(Collection entries)
----------

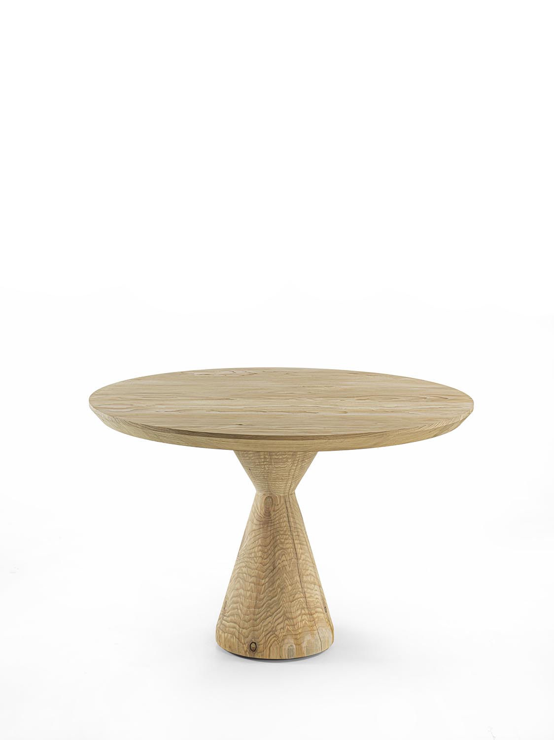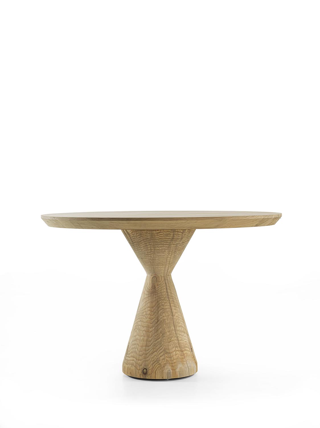 Tavolo con top in legno massello di cedro a liste incollate. La base, anch’essa in legno massello di cedro e ricavata da un blocco unico, è caratterizzata da due coni contrapposti, rovesciati l’uno rispetto all’altro, che generano un gioco di contrapposizioni e definiscono un sostegno scultoreo dal forte impatto materico e formale.
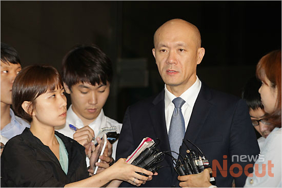 4일 새벽 전두환 비자금 수사와 관련해 검찰에 소환된 전두환 전 대통령의 차남 재용 씨가 조사를 마치고 서울중앙지검 앞에서 취재진들의 질문에 답하고 있다.
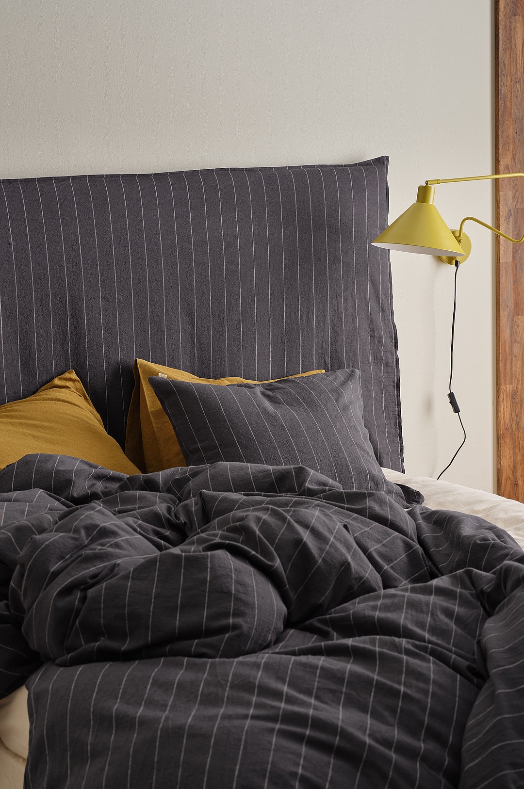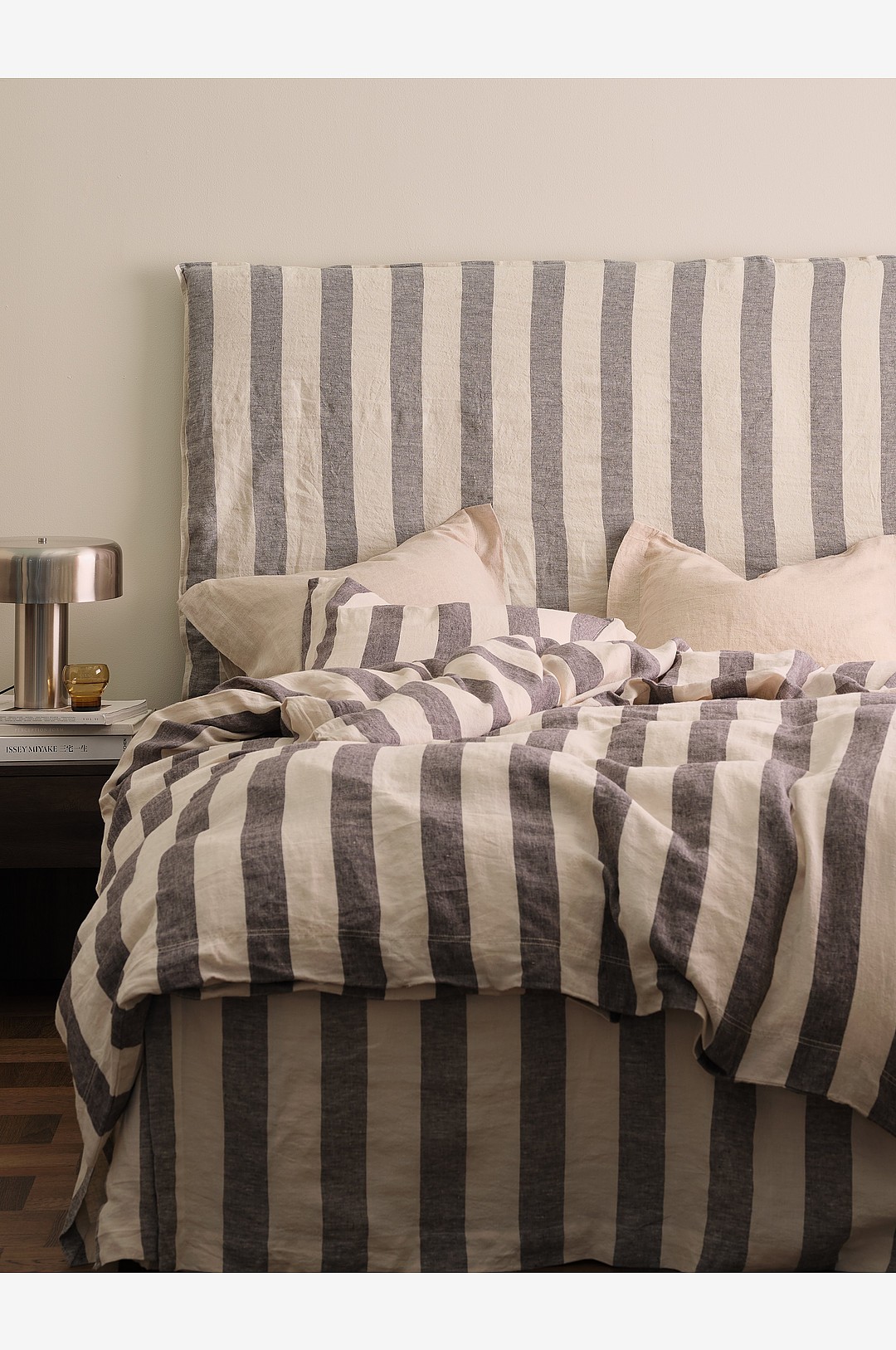 Ellos Home - Gavelöverdrag Elly Thin Stripe i återvunnet halvlinne - Grå
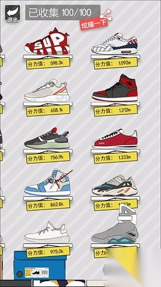 7、点击主界面左侧的鞋架功能,你目前收集到的所有球鞋便会呈现出来,总共有100种,宛如一个小型展览馆。
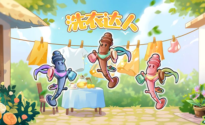 洗 衣达人上线啦!鱼友们快来一起成为勤劳的洗衣小行家,和美丽的仙子鱼见面。 一、去晾洗 目标:收集熨斗、黄蓝芬芳精灵。 消耗体力去晾洗,完成晾晒和清洗任务。 晾晒任务:长按蓄力按钮,在最大力度时释放,帮助小白晾晒更多的袜子。蓄力达到最大值还可以开启福袋并累计进度,可以领取进度奖励。 清洗任务:选择洗衣液清洗衣物,成功将脏衣篓中的衣服全部清洗干净即可过关。 二、去整理 目标:收集小花、粉精灵芬芳。 消

----------

**Directions**
Copy nothing but the lines from the start of the entries through the line with "7、点击主界面左侧的鞋架功能". Write them out exactly, without pictures.

**Solution to this task**
 Tavolo con top in legno massello di cedro a liste incollate. La base, anch’essa in legno massello di cedro e ricavata da un blocco unico, è caratterizzata da due coni contrapposti, rovesciati l’uno rispetto all’altro, che generano un gioco di contrapposizioni e definiscono un sostegno scultoreo dal forte impatto materico e formale.
 4일 새벽 전두환 비자금 수사와 관련해 검찰에 소환된 전두환 전 대통령의 차남 재용 씨가 조사를 마치고 서울중앙지검 앞에서 취재진들의 질문에 답하고 있다.
 Ellos Home - Gavelöverdrag Elly Thin Stripe i återvunnet halvlinne - Grå
 7、点击主界面左侧的鞋架功能,你目前收集到的所有球鞋便会呈现出来,总共有100种,宛如一个小型展览馆。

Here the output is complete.